Records for this task ->
········
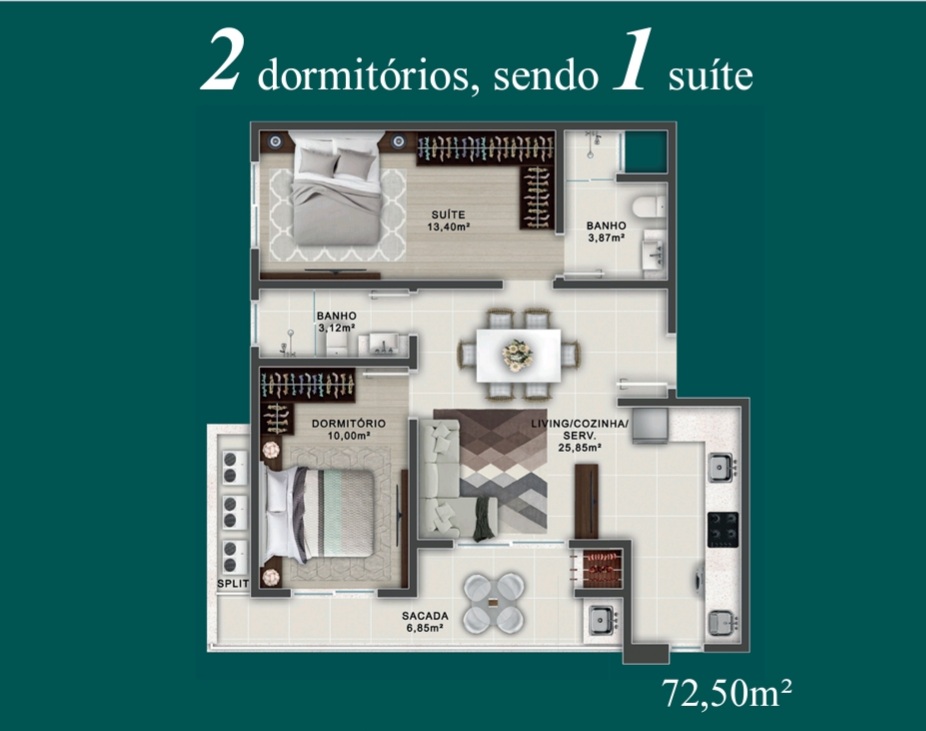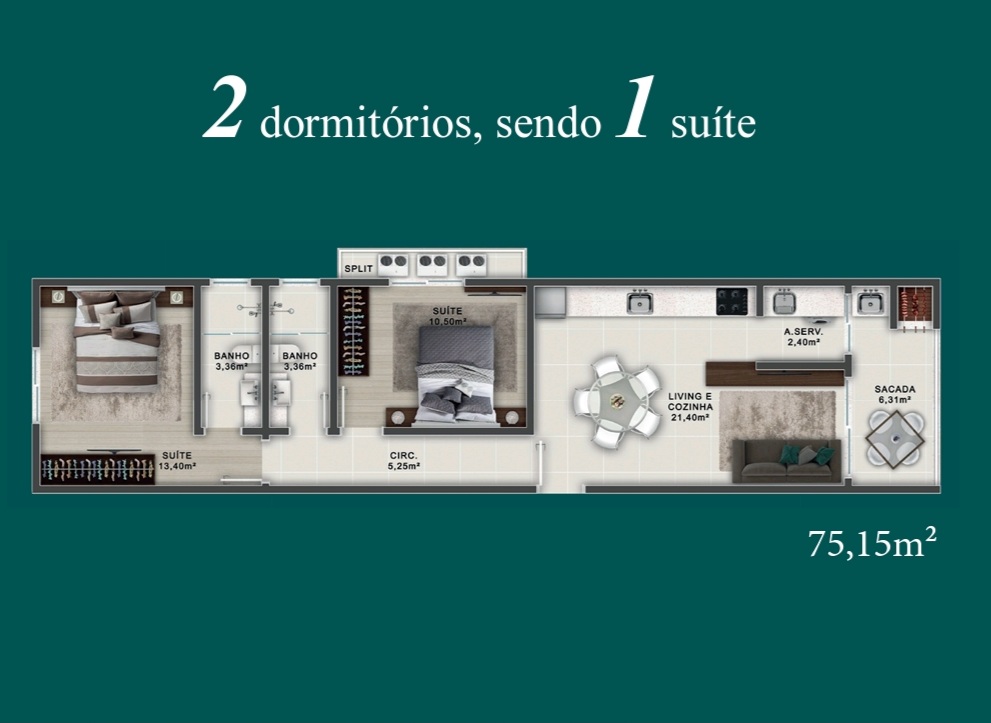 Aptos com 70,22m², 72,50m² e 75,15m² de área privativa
········
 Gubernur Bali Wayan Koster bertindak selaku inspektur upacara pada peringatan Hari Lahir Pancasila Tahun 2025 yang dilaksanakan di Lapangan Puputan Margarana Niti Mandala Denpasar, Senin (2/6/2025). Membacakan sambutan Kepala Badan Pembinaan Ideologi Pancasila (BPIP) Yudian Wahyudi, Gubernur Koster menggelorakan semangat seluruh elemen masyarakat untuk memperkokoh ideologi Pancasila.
········
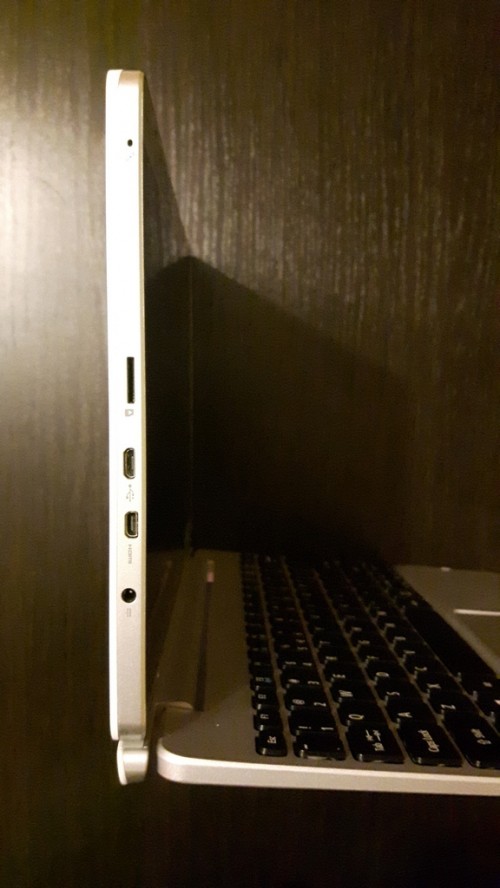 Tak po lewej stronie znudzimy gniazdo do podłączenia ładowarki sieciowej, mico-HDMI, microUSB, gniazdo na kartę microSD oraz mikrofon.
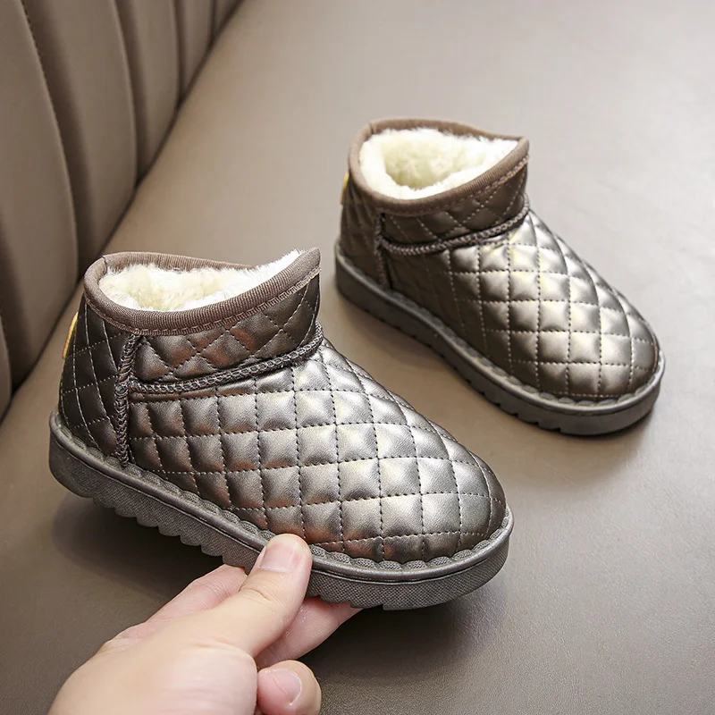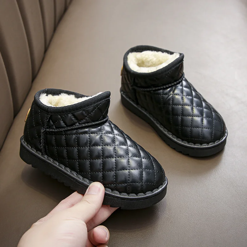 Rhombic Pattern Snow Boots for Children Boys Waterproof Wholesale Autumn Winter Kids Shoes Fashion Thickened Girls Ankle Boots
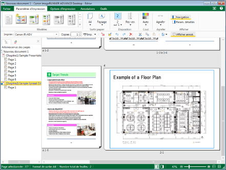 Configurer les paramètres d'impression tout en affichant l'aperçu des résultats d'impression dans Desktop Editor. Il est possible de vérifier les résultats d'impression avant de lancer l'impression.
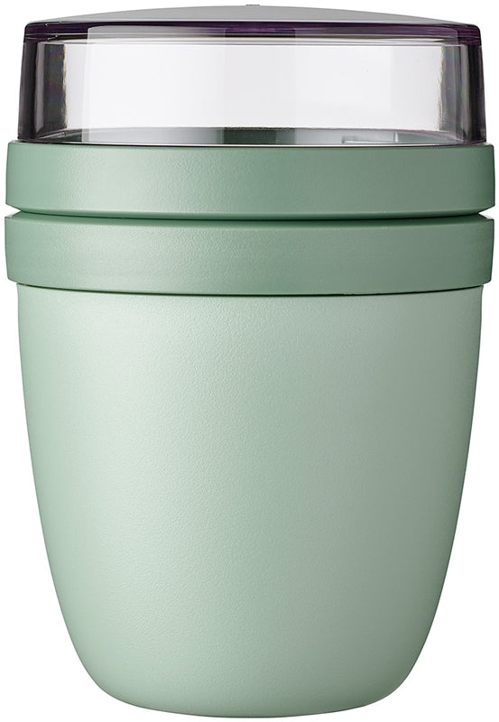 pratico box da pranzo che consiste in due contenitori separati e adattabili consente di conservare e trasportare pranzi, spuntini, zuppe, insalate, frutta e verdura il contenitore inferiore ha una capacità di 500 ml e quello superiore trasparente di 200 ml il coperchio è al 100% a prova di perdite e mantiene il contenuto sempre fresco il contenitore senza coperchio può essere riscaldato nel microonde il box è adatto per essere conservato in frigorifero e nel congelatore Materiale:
········
Task item -> Go back to the lines above and output, exactly as they stand, the ones from the line containing "Rhombic Pattern Snow" to the line containing "Configurer les paramètres". Leave all pictures behind.

Written response ->
 Rhombic Pattern Snow Boots for Children Boys Waterproof Wholesale Autumn Winter Kids Shoes Fashion Thickened Girls Ankle Boots
 Configurer les paramètres d'impression tout en affichant l'aperçu des résultats d'impression dans Desktop Editor. Il est possible de vérifier les résultats d'impression avant de lancer l'impression.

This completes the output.